A report retrieved from Wu Blockchain has shown that Bitcoin was the best-performing asset in the first six months of the year. The flagship digital asset rose over 80% to close above $30,000 last Friday, outmatching other major global assets like NASDAQ, British Pound, Euro, Japanese Yen, NYMEX Natural Gas and other stocks in the process.
Recall that Bitcoin’s trajectory for 2023 has been with a bullish undertone. It commenced the year with a strong bullish sentiment and the price rose by 47% within the first month of the year, setting the tone for the following weeks.
The rise of the flagship cryptocurrency was characterised by typical declines, with support and resistance levels impacting the price change. Bitcoin’s price dropped to $19,569 in March after climbing over $25,000 for the first time since August 2022. Many analysts identified the climb above $25,000 as a significant move to confirm the end of the bear market.
Another phase of the bullish trend returned to the Bitcoin market in the middle of June. The digital asset gained over 58% in about four weeks during that period, as the price surpassed the $30,000 level for the first time since June 2022.
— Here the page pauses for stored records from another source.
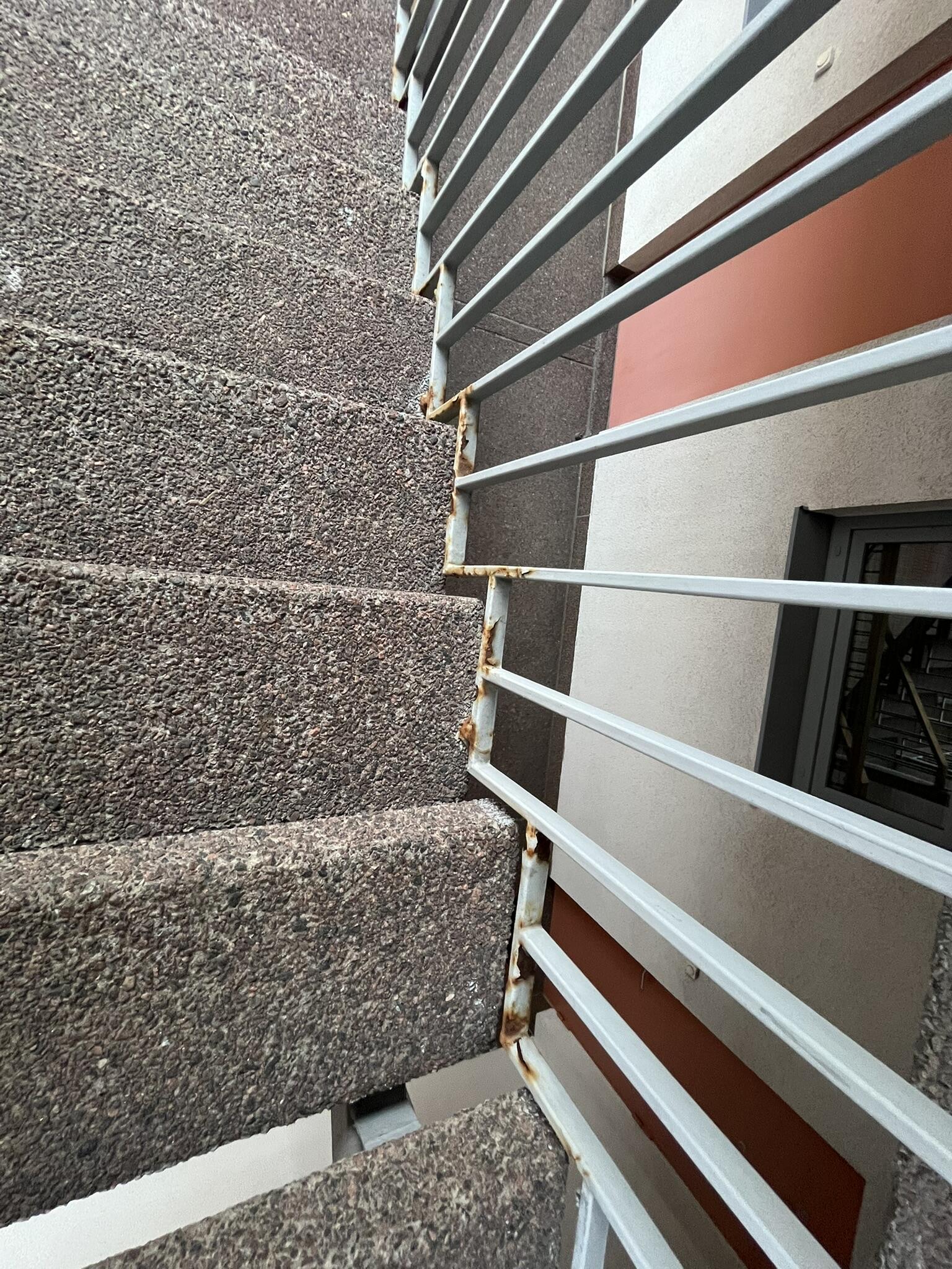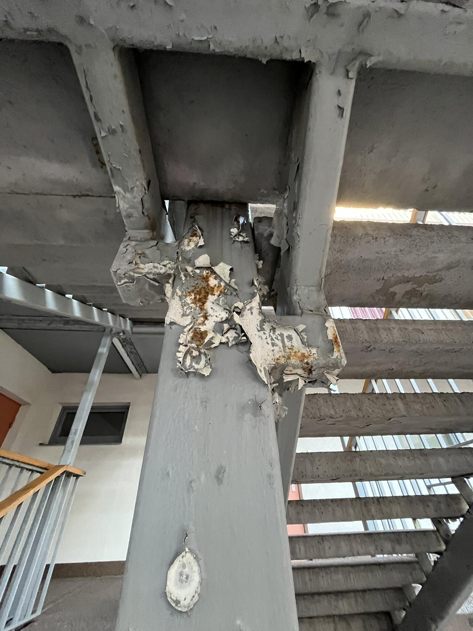 Ol. ol olukord: 2003 aastal valminud kortermaja aatriumi ja trepi teraskonstruktsioonide värv on amortiseerunud ja vajab värskendust.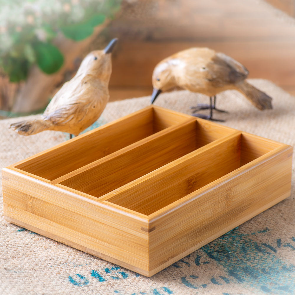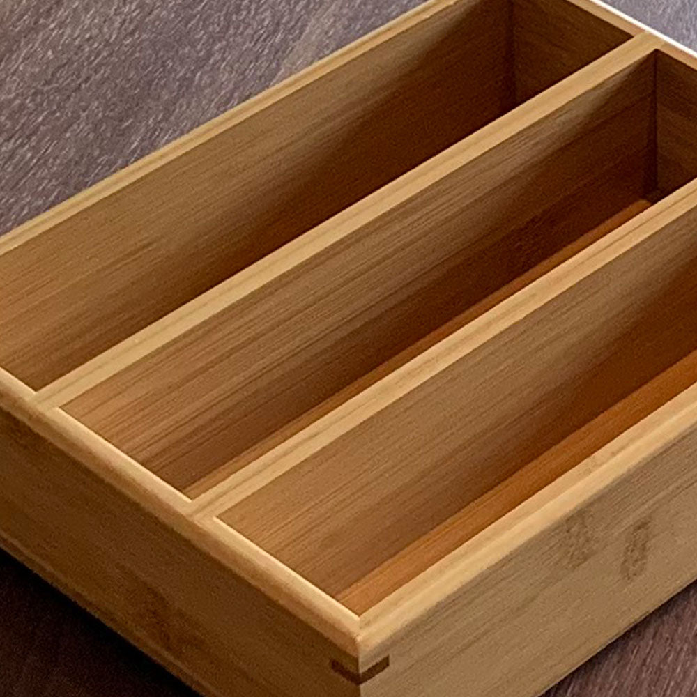 繊維が平行になるように圧着された竹の集成材で作られた小物入れ。仕切があるので、カード類や名刺、細々した物の整理に最適です。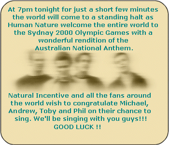 'Natural Incentive' was 'Celebrity Site Of The Day' yesterday! How exciting!!!! I've also just done a very quick update of the band news. Added some Olympics stuff. Everybody get your VCR's working for the opening tomorrow! GO HN!!!!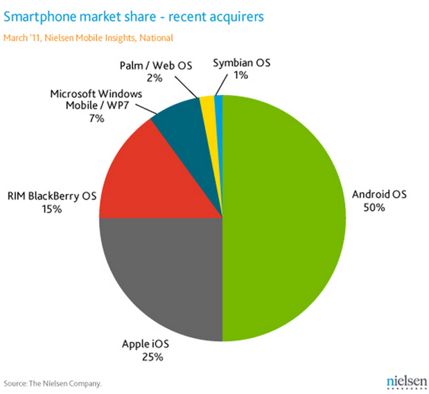 Nielsen ha pubblicato alcune ricerche di mercato che dimostra che Windows Phone (tra cui Windows Mobile e Windows Phone 7, con le vendite di WM che saranno minime oggi) interessa al 7% degli utenti che hanno intenzione dei cambiare smartphone.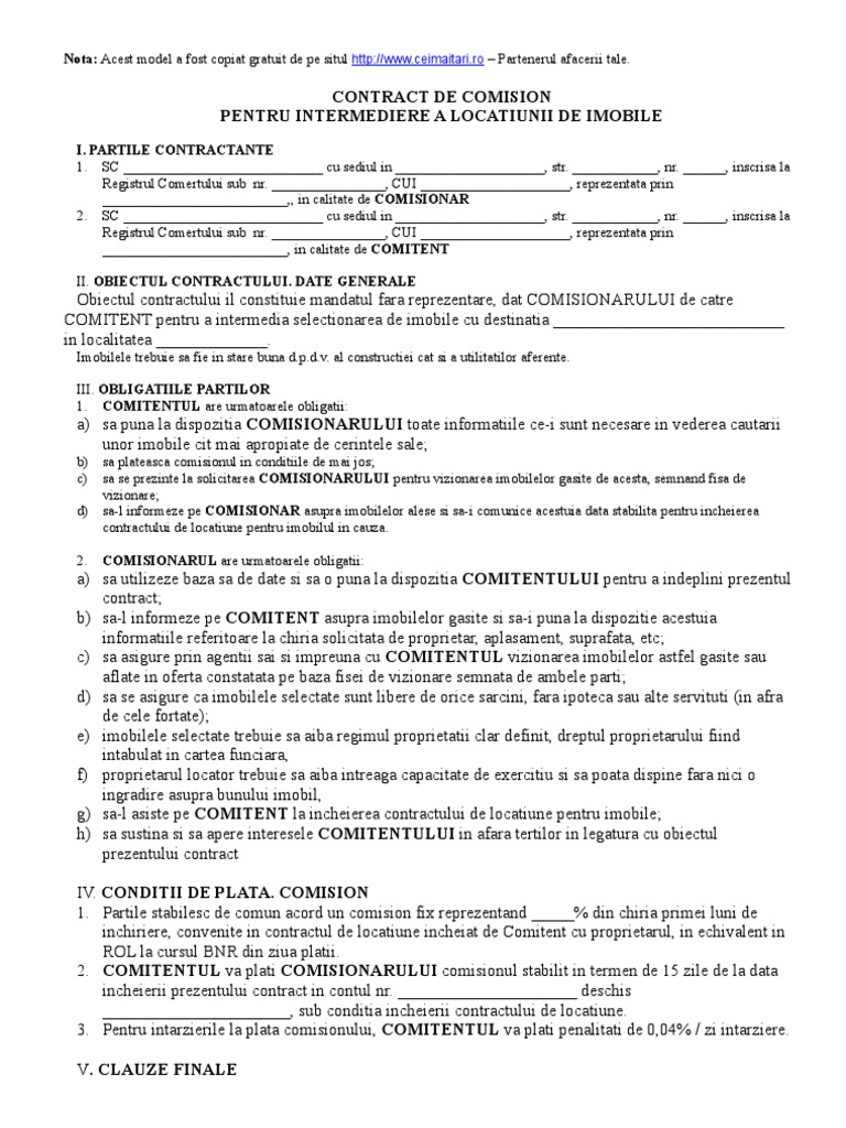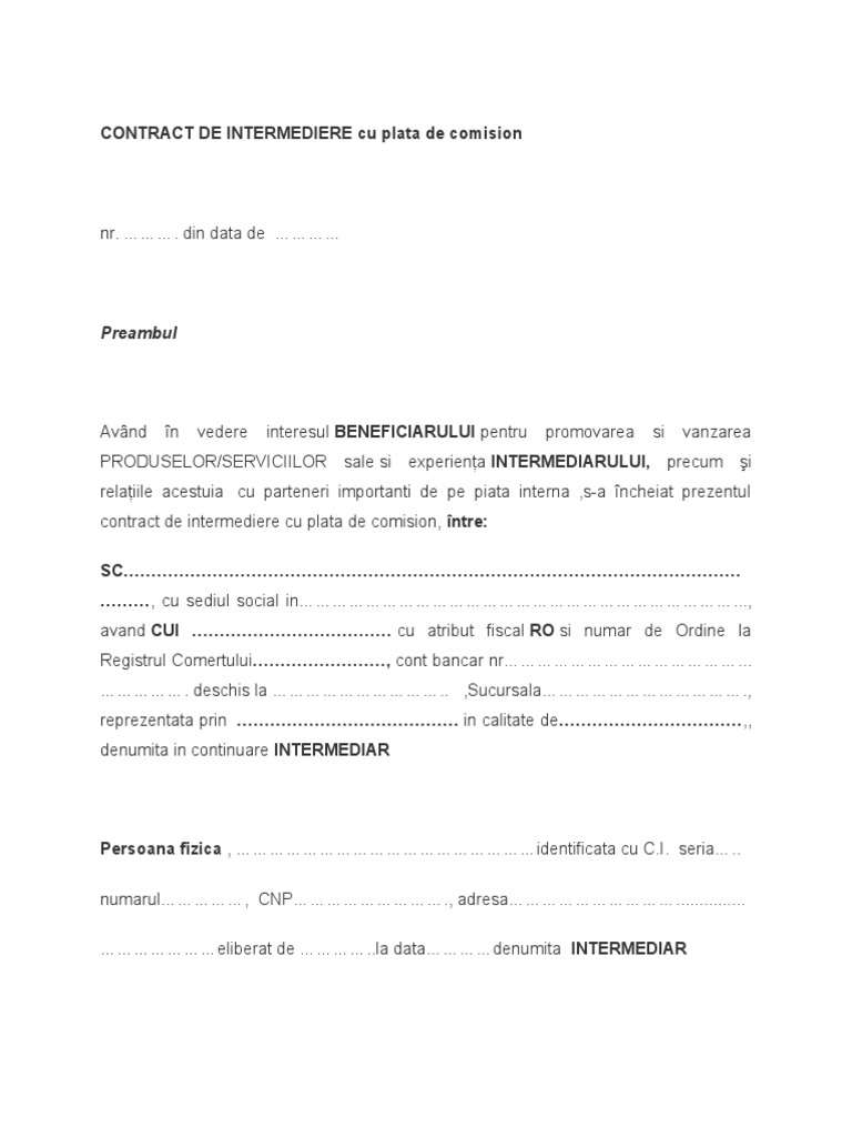 7 4 Contract De Comision Intermediere Doc Contract De Comision I Parti Contractante Art 1 S C Cu Sediul In Loc Str Inregistrata La Reg Com Sub Nr J Course Hero

Data shows that Bitcoin’s price at the end of June was $30,469, marking a yearly gain of over 83%. Now, the majority of the digital asset’s proponents consider this time a consolidation and accumulation opportunity with the anticipation of a bull run ahead of the next Bitcoin halving, which comes up in 2024.
How Bitcoin outpaced other major assets in H1 2023
Data from renowned crypto reporter Wu Blockchain shows that Bitcoin’s value increased by 83.8% in the first half of 2023, ranking first and exceeding other major world assets by a significant margin.
In the second position is the Nasdaq index, whose value increased by 31.7%. Followed by Nikkei225 Index (27.19%), Germany DAX Index (15.98%), Euro Stoxx 50 Index (15.96%), S&P 500 Index (15.91%) respectively.
A 37% drop in value puts natural gas in the bottom position following the fall in the prices of other energy sources.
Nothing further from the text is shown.